Наконец он выпрямился и постоял, соображая, не допустил ли какой-нибудь простой ошибки. Пока что – нет. Он положил в пакет молоток, расческу и посудное полотенце и отнес к входной двери. По-прежнему в перчатках он прошел по садовой дорожке, остановился у калитки и огляделся. Ни души кругом. Он вынул молоток и забросил его в кусты у передней стены, а потом вернулся в дом, снял перчатки, положил в пакет с яблочным огрызком, расческой и посудным полотенцем, аккуратно сложил пакет окровавленными ручками внутрь, засунул в боковое отделение своего чемодана и застегнул на нем молнию.

Пока, насколько он мог видеть, крови на нем не было – ни на одежде, ни на туфлях. Он взял свой багаж и сумку с инструментами, вышел наружу и ногой закрыл за собой дверь. Непрекращающееся облагораживание Белсайз-Парка гарантировало, что где-то, в нескольких сотнях метров найдется мусорный контейнер. Он бросил туда сумку с инструментами. Через несколько минут он был в Хейверсток-Хилле и на такси поехал на Портленд-Плейс.

Он полагал, что его бесчувственное спокойствие – последствие шока и скоро оно сойдет. Но до того он надеялся встретить кого-нибудь, кто его узнает. Такси высадило его перед Институтом физики – когда-то он был его вице-президентом, – и перед тем, как войти, он нашел урну и избавился от полиэтиленового пакета. В институте все произошло более или менее так, как он рассчитывал. У него там было небольшое дело, и он поговорил с одним из администраторов, который его знал. По ходу разговора он сказал, что прилетел со Шпицбергена, а потом, вскользь, что приехал сюда прямо из Хитроу на такси – и по дороге попал в пробку. Администратор посочувствовал. Он согласился присмотреть за чемоданом, пока Биэрд съездит в Британскую библиотеку.

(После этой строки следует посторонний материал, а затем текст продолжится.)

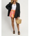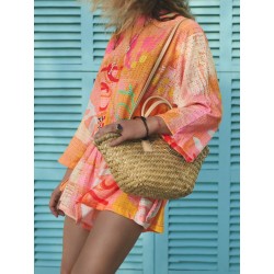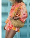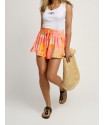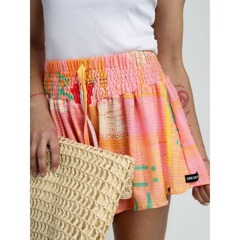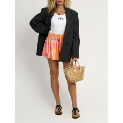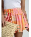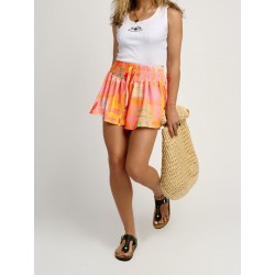 Short Posible de Aire Retro. Pantalon corto, tipo short, que hace efecto de falda pantalon gracias a su fluidez. Tejido de punto, con calados, finito y fresco, ideal para la primavera verano. Base en color naranja claro, con un estampado que es diferente entre prendas, ya que es tan grande que no todas las prendas coinciden en el mismo sitio por lo que todavia la hace mas especial.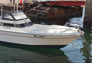 室津に出てキップ売り場に行くと、いつも「いわい」の反対側に留めている船がなんか変わっているのに気づいた。船名を見ると「K,neri」と書いてある。「変わった名前じゃの〜・・ん?K練?」「もしかしてK練さんに関係ある?」と気づいて、みっち探偵所に調査依頼を出したら、すぐにK練さんのところの船ということが判明。なかなか優秀な探偵だ(^o^)。それにしても、この名前、よく付けたなぁ・・(^_^;) 家に帰ったら、兄貴が風邪で寝込んでいた・・(ーー;) |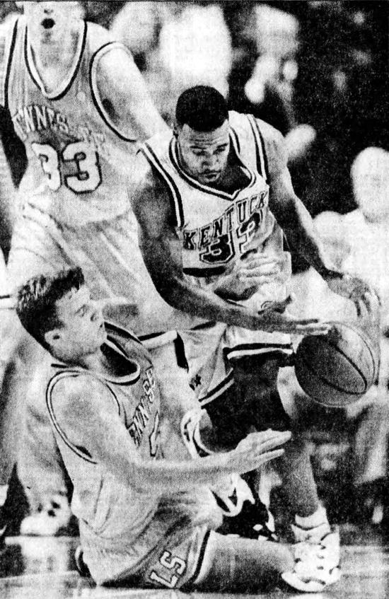 Mark Pope (#41) tries to defend a UT entry pass to Steve Hamer (#21)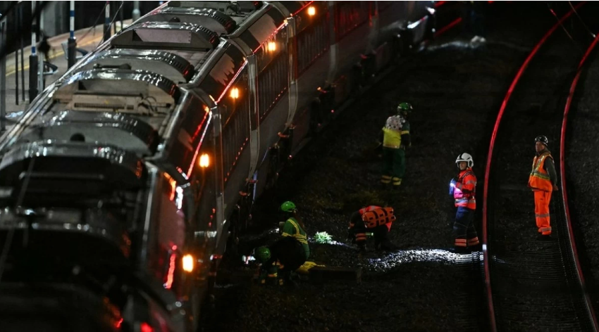 ونقلت هيئة البي بي سي البريطانية بيان الشرطة البريطانية اليوم الأحد، أن القطار تم تحويله إلى محطة هنتنغدون في مقاطعة كامبريدجشير، حيث لا يزال متوقفا، بينما تواصل فرق التحقيق عملها في الموقع.

В такси до Юстон-роуд ноги у него начали дрожать независимо от тела. Но Биэрд пересек двор библиотеки, как любой другой ученый, вошел в здание и нашел свободную кабинку. Он запросил кое-какие статьи – исторические материалы к лекции, которую ему предстояло прочесть, и корпел над ними несколько часов, дожидаясь времени – примерно четверти пятого, – когда, по его расчетам, в кармане должен завибрировать мобильный телефон.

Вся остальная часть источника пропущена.